-- Opening Marker --

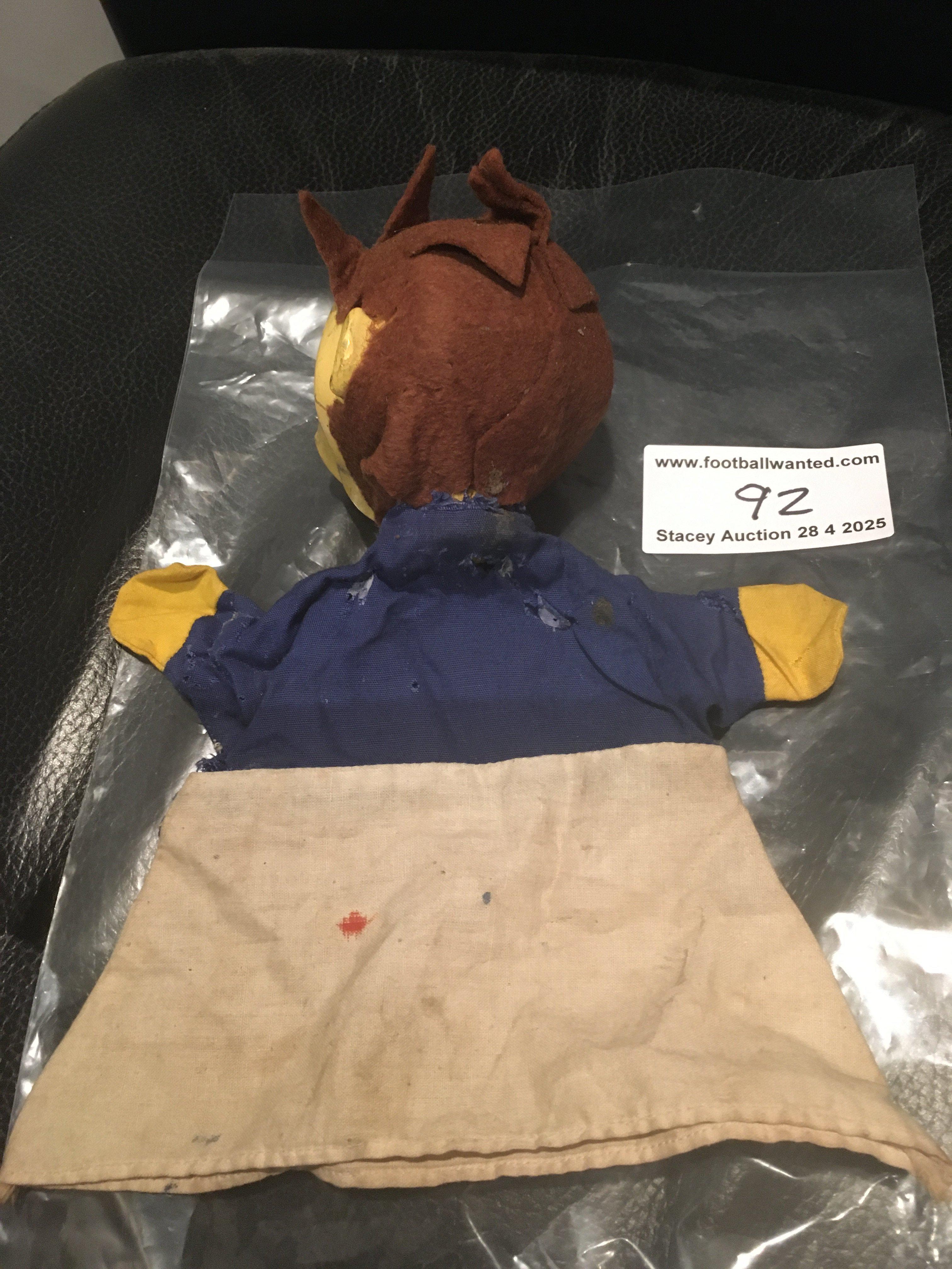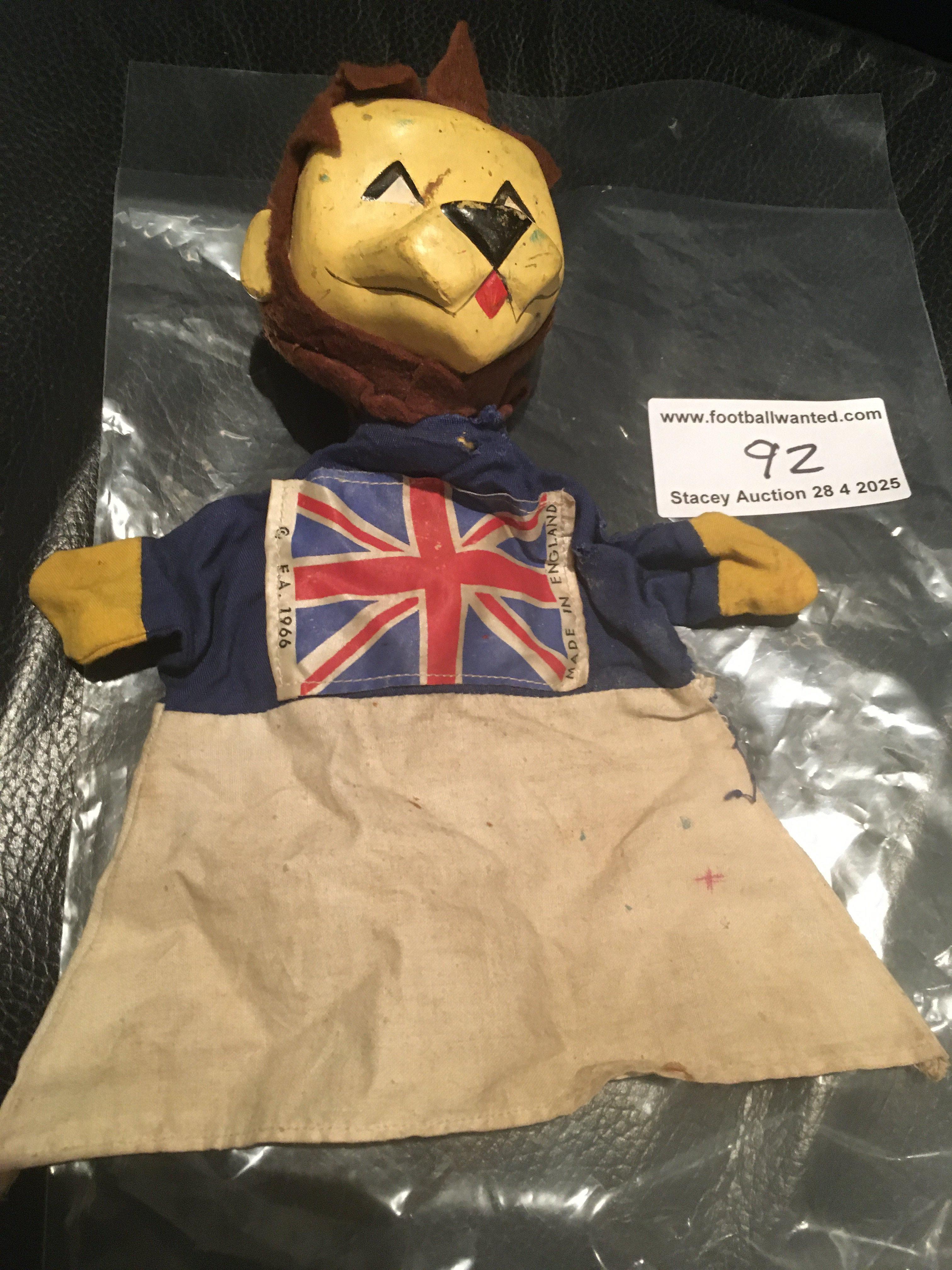 1966 World Cup Willie Rare Football Puppet: Possibly one of the rarest WC Willie items. Hand puppet featuring an England flag to his chest with copyright FA 1966 Made in England to edges. Wear and small hole to cloth.
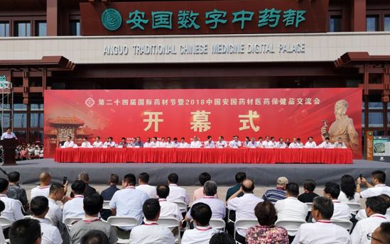 安国药业兴旺发达,是特色优势主导产业。作为中药文化的发祥地之一和全国最大的中药材集散地、出口基地,药业历史源于汉、起于宋、兴于明、盛于清,迄今已逾千年,有“举步可得天下药”之称,素以“药都”“天下第一药市”驰名中外,享有“草到安国方成药,药经祁州始生香”之美誉。安国是国务院命名的“中国中药材之乡”、全国首批中药材种植示范县、国家中药材流通追溯体系试点、国家中药材种子种苗繁育基地、河北省首批中药材“出口基地县”、河北省级物流产业聚集区。安国药业经济涵盖了一二三产业,已形成了从种植、科研、加工、生产、经销到使用的完整产业链条。中药材种植面积常年保持在15万亩左右,品种300多个,尤以祁菊花、祁山药、祁紫菀、祁沙参、祁薏米、祁芥穗、祁白芷、祁瓜蒌品质纯正,被誉为“八大祁药”,其中祁菊花和祁山药通过了国家地理标志认证;北沙参占全国产量的80%,白芷、丹参占10%以上,齐村被誉为全国甘草加工第一村。全市涉药人员10万余人,其中专业技术人才3200多人。绿色循环工业园区规划占地24平方公里,入驻企业112家,2018年园区主营业务收入完成540亿元,园区全省综合排名四年间上升117个位次,2018年排名第14位,被工信部评为河北省唯一的国家级绿色制造园区。拥有GMP认证企业108家,GSP认证企业65家,有生产批号的中成药品种510个,中药饮片年生产能力近10万吨;中药材市场交易额达310亿元,中药材专业市场拥有座商门店1100多家,经营品种3000余个,日客流量3万余人,日吞吐中药材1000多吨,经营辐射遍及全国各地和东南亚、日韩及欧美等40多个国家和地区,安国药市历来被称为中药材交易价格晴雨表。
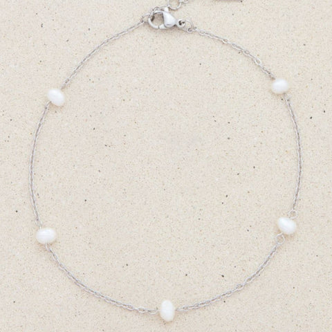 Max Anklet Silver Plated 9.5" 5mm Freshwater Pearls Lobster Clasp
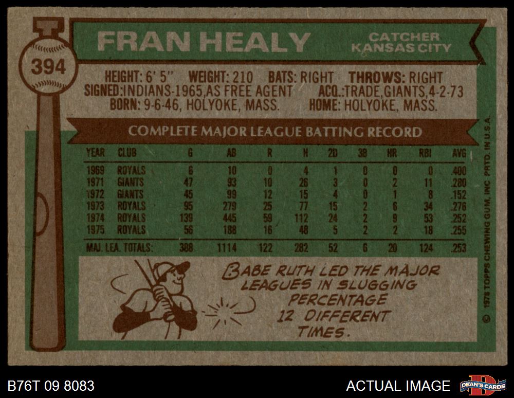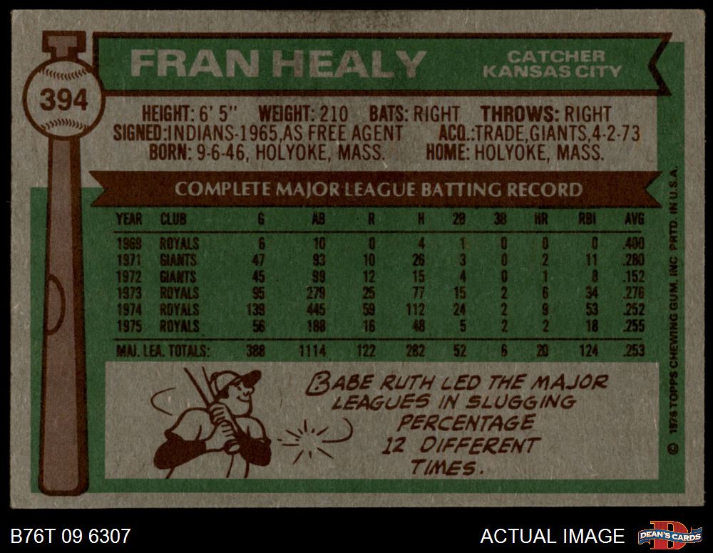 1976 Topps #394 Fran Healy 3 - VG
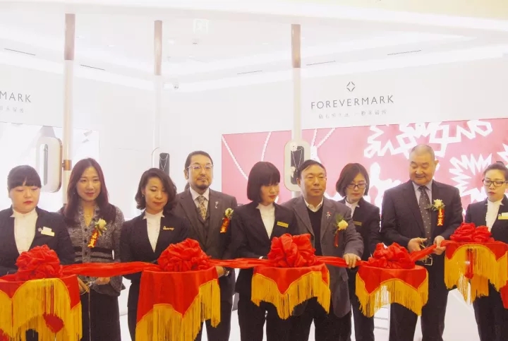 國家珠寶玉石質(zhì)量監(jiān)督檢驗(yàn)中心(NGTC)副主任孫鳳民先生(右四),瑞恩鉆飾董事長兼總經(jīng)理薛雷先生(右二),F(xiàn)orevermark?永恒印記?北區(qū)銷售經(jīng)理劉爽女士(左二),悠唐廣場總經(jīng)理中野先生(左四)出席開業(yè)活動(dòng)并剪彩
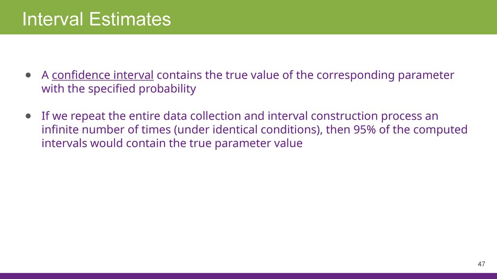 Interval Estimates● A confidence interval contains the true value of the corresponding parameter
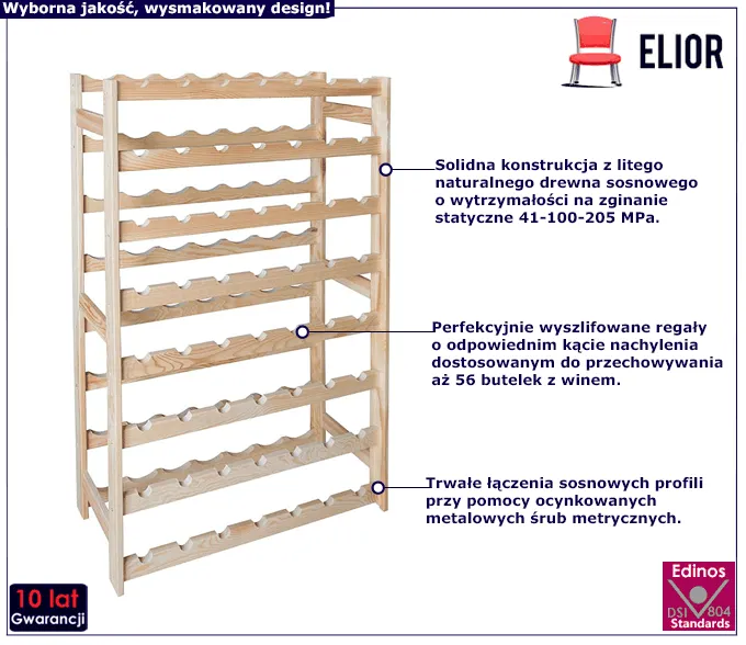 • Solidny regał z 8 leżniami przednimi i 8 tylnymi na 56 butelek z trunkami.
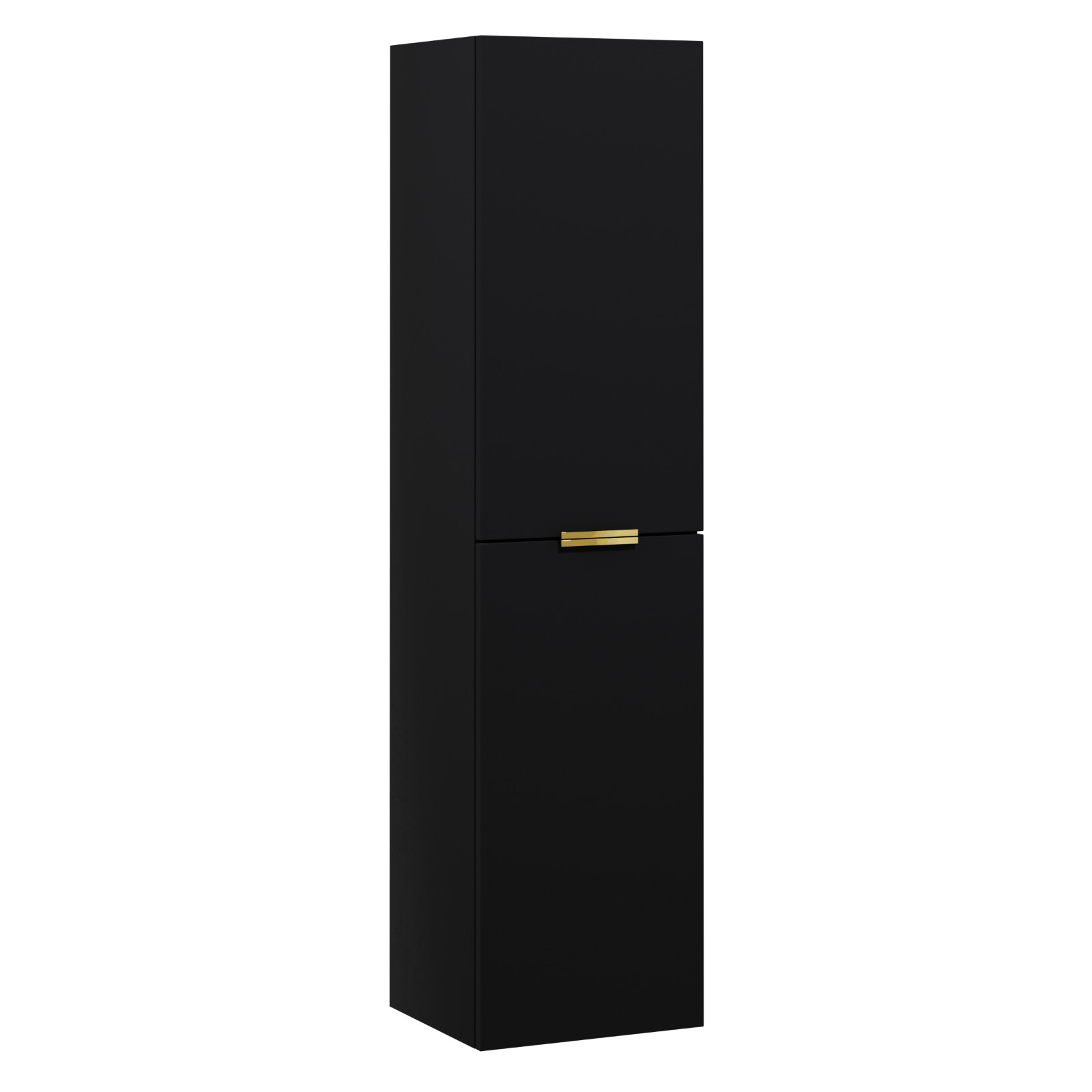 Palermo Matt Black 35 függesztett fali magasszekrény, szálcsiszolt arany fogantyúkkal
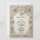 This design utilizes a digital trompe-l'œil technique to simulate the look of high-relief classical masonry. The layout centers on two swans curving their necks to form a heart shape, rendered in a simulated cream-colored stone texture with digital shadowing to suggest depth and weight. The central motif is framed by swirling acanthus leaves and scrolling architectural elements, interspersed with blooming soft pink roses and tulips with muted sage green foliage. The typography combines a formal serif font for the names with an elegant, flowing calligraphy script for the hosting details, all set against a clean off-white background to maximize readability.
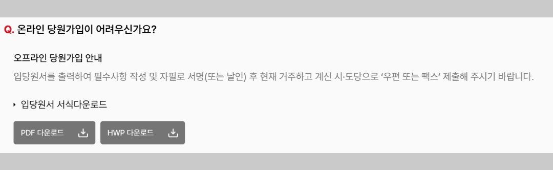 - 거주지 관할 시·군·구 당원협의회 사무실 방문
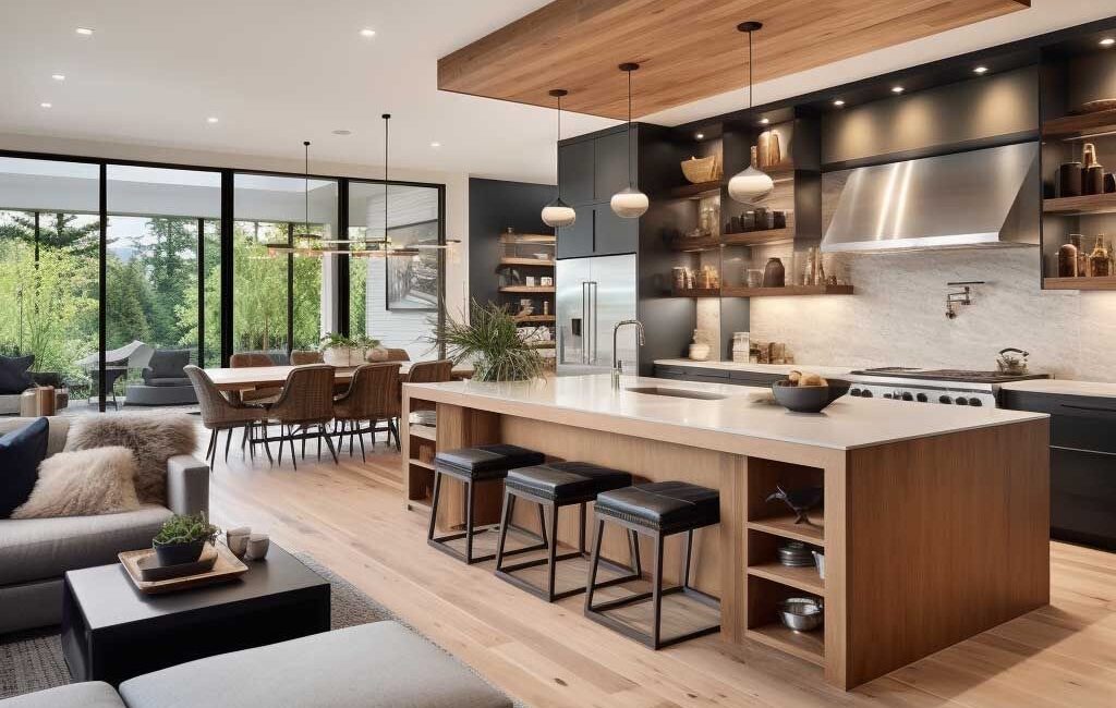 حين تعتمدين تصاميم مطابخ مفتوحة على الصالة، تُتاح لكِ فرصة التواصل بسهولة مع أفراد العائلة أو الضيوف أثناء الطهي أو التحضير. ما يعني أنّكِ لن تبقي معزولةً خلف الجدران، بل تتحكّمين بالمطبخ وتشاركين اللحظة ذاتها في الصالة. ما يجعل الأجواء أكثر حميمية ويُعزّز الترابط الأسري.

-- Closing Marker --

**WHAT IS NEEDED**
Exact copy, no pictures: set down all the entries again as they stand.

**RESPONSE AREA**
 1966 World Cup Willie Rare Football Puppet: Possibly one of the rarest WC Willie items. Hand puppet featuring an England flag to his chest with copyright FA 1966 Made in England to edges. Wear and small hole to cloth.
 安国药业兴旺发达,是特色优势主导产业。作为中药文化的发祥地之一和全国最大的中药材集散地、出口基地,药业历史源于汉、起于宋、兴于明、盛于清,迄今已逾千年,有“举步可得天下药”之称,素以“药都”“天下第一药市”驰名中外,享有“草到安国方成药,药经祁州始生香”之美誉。安国是国务院命名的“中国中药材之乡”、全国首批中药材种植示范县、国家中药材流通追溯体系试点、国家中药材种子种苗繁育基地、河北省首批中药材“出口基地县”、河北省级物流产业聚集区。安国药业经济涵盖了一二三产业,已形成了从种植、科研、加工、生产、经销到使用的完整产业链条。中药材种植面积常年保持在15万亩左右,品种300多个,尤以祁菊花、祁山药、祁紫菀、祁沙参、祁薏米、祁芥穗、祁白芷、祁瓜蒌品质纯正,被誉为“八大祁药”,其中祁菊花和祁山药通过了国家地理标志认证;北沙参占全国产量的80%,白芷、丹参占10%以上,齐村被誉为全国甘草加工第一村。全市涉药人员10万余人,其中专业技术人才3200多人。绿色循环工业园区规划占地24平方公里,入驻企业112家,2018年园区主营业务收入完成540亿元,园区全省综合排名四年间上升117个位次,2018年排名第14位,被工信部评为河北省唯一的国家级绿色制造园区。拥有GMP认证企业108家,GSP认证企业65家,有生产批号的中成药品种510个,中药饮片年生产能力近10万吨;中药材市场交易额达310亿元,中药材专业市场拥有座商门店1100多家,经营品种3000余个,日客流量3万余人,日吞吐中药材1000多吨,经营辐射遍及全国各地和东南亚、日韩及欧美等40多个国家和地区,安国药市历来被称为中药材交易价格晴雨表。
 Max Anklet Silver Plated 9.5" 5mm Freshwater Pearls Lobster Clasp
 1976 Topps #394 Fran Healy 3 - VG
 國家珠寶玉石質(zhì)量監(jiān)督檢驗(yàn)中心(NGTC)副主任孫鳳民先生(右四),瑞恩鉆飾董事長兼總經(jīng)理薛雷先生(右二),F(xiàn)orevermark?永恒印記?北區(qū)銷售經(jīng)理劉爽女士(左二),悠唐廣場總經(jīng)理中野先生(左四)出席開業(yè)活動(dòng)并剪彩
 Interval Estimates● A confidence interval contains the true value of the corresponding parameter
 • Solidny regał z 8 leżniami przednimi i 8 tylnymi na 56 butelek z trunkami.
 Palermo Matt Black 35 függesztett fali magasszekrény, szálcsiszolt arany fogantyúkkal
 This design utilizes a digital trompe-l'œil technique to simulate the look of high-relief classical masonry. The layout centers on two swans curving their necks to form a heart shape, rendered in a simulated cream-colored stone texture with digital shadowing to suggest depth and weight. The central motif is framed by swirling acanthus leaves and scrolling architectural elements, interspersed with blooming soft pink roses and tulips with muted sage green foliage. The typography combines a formal serif font for the names with an elegant, flowing calligraphy script for the hosting details, all set against a clean off-white background to maximize readability.
 - 거주지 관할 시·군·구 당원협의회 사무실 방문
 حين تعتمدين تصاميم مطابخ مفتوحة على الصالة، تُتاح لكِ فرصة التواصل بسهولة مع أفراد العائلة أو الضيوف أثناء الطهي أو التحضير. ما يعني أنّكِ لن تبقي معزولةً خلف الجدران، بل تتحكّمين بالمطبخ وتشاركين اللحظة ذاتها في الصالة. ما يجعل الأجواء أكثر حميمية ويُعزّز الترابط الأسري.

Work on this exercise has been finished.